If a function of one variable is continuous on an interval and has only one critical number, then a local maximum has to be an absolute maximum. But this is not true for functions of two variables. Show that the function
f(x,y)= 3xe^y − x^3 − e^(3y
)has exactly one critical point, and that f has a local maximum there that is not an absolute maximum.
To show that the function f(x, y) = 3xe^y − x^3 − e^(3y) has exactly one critical point, we need to find where the partial derivatives with respect to x and y equal to zero.
1. Find the partial derivative with respect to x:
∂f/∂x = 3e^y - 3x^2
2. Set the partial derivative equal to zero and solve for x:
3e^y - 3x^2 = 0
3e^y = 3x^2
x^2 = e^y
x = ±√(e^y)
3. Find the partial derivative with respect to y:
∂f/∂y = 3xe^y - 3e^(3y)
4. Set the partial derivative equal to zero and solve for y:
3xe^y - 3e^(3y) = 0
e^y(3x - 3e^(2y)) = 0
This equation can have two cases:
a. e^y = 0, which is not possible since e^y is always positive.
b. 3x - 3e^(2y) = 0, which simplifies to x = e^(2y)
Now, we have two critical points on the function:
1. At (x = √(e^y), y)
2. At (x = -√(e^y), y)
However, we need to check if these critical points are local maximums. To do that, we'll find the second partial derivatives and analyze the determinant (D) and the Hessian matrix.
1. Find the second partial derivatives:
∂²f/∂x² = -6x
∂²f/∂y² = 3x - 9e^(3y)
∂²f/∂x∂y = 3e^y
2. Construct the Hessian matrix:
H = [∂²f/∂x², ∂²f/∂x∂y]
[∂²f/∂x∂y, ∂²f/∂y²]
Substituting the second partial derivatives into the Hessian matrix, we get:
H = [-6x, 3e^y]
[3e^y, 3x - 9e^(3y)]
3. Calculate the determinant, D = ∂²f/∂x² * ∂²f/∂y² - (∂²f/∂x∂y)²:
D = (-6x)(3x - 9e^(3y)) - (3e^y)(3e^y)
D = -18x^2 + 54xe^(3y) - 9e^(2y)
Now let's analyze the cases:
1. At (x = √(e^y), y):
Evaluate D at this point:
D = -18(√(e^y))^2 + 54√(e^y)e^(3y) - 9e^(2y)
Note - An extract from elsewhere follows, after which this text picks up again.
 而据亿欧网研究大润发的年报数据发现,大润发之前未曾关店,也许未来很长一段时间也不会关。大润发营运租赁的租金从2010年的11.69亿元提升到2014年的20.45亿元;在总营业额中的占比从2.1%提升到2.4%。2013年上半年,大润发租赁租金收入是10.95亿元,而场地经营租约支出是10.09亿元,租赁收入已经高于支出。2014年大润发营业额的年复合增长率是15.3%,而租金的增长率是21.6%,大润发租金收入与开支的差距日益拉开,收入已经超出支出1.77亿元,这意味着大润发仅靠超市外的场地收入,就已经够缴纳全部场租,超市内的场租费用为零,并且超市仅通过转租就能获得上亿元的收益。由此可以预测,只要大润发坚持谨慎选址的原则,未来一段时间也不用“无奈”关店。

D = -18e^y + 54√(e^y)e^(3y) - 9e^(2y)
Since D is negative, we have a saddle point at this critical point.
2. At (x = -√(e^y), y):
Evaluate D at this point:
D = -18(-√(e^y))^2 + 54(-√(e^y))e^(3y) - 9e^(2y)
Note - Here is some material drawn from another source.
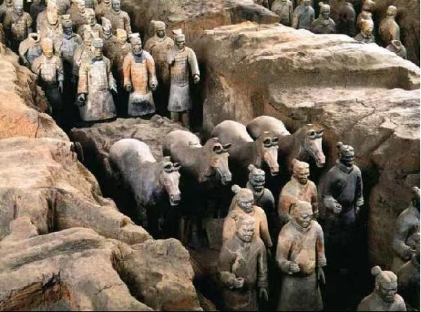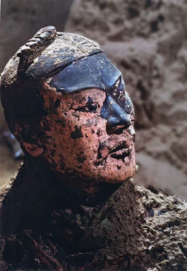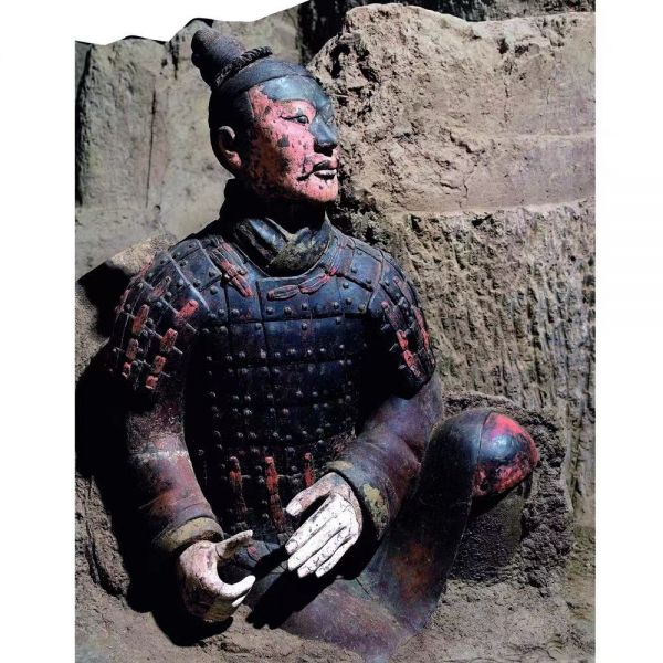 當初的兵馬俑都有鮮艷和諧的彩繪,發(fā)掘過程中發(fā)現有的陶俑剛出土時局部還保留著鮮艷的顏色,但是出土后由于被氧氣氧化,顏色不到十秒鐘瞬間消盡,化作白灰?,F在能看到的只是殘留的彩繪痕跡。

D = -18e^y + 54(-√(e^y))e^(3y) - 9e^(2y)
Since D is positive, we have a local maximum at this critical point.
Therefore, the function f(x, y) = 3xe^y − x^3 − e^(3y) has exactly one critical point at (x = -√(e^y), y), and it has a local maximum at this point that is not an absolute maximum.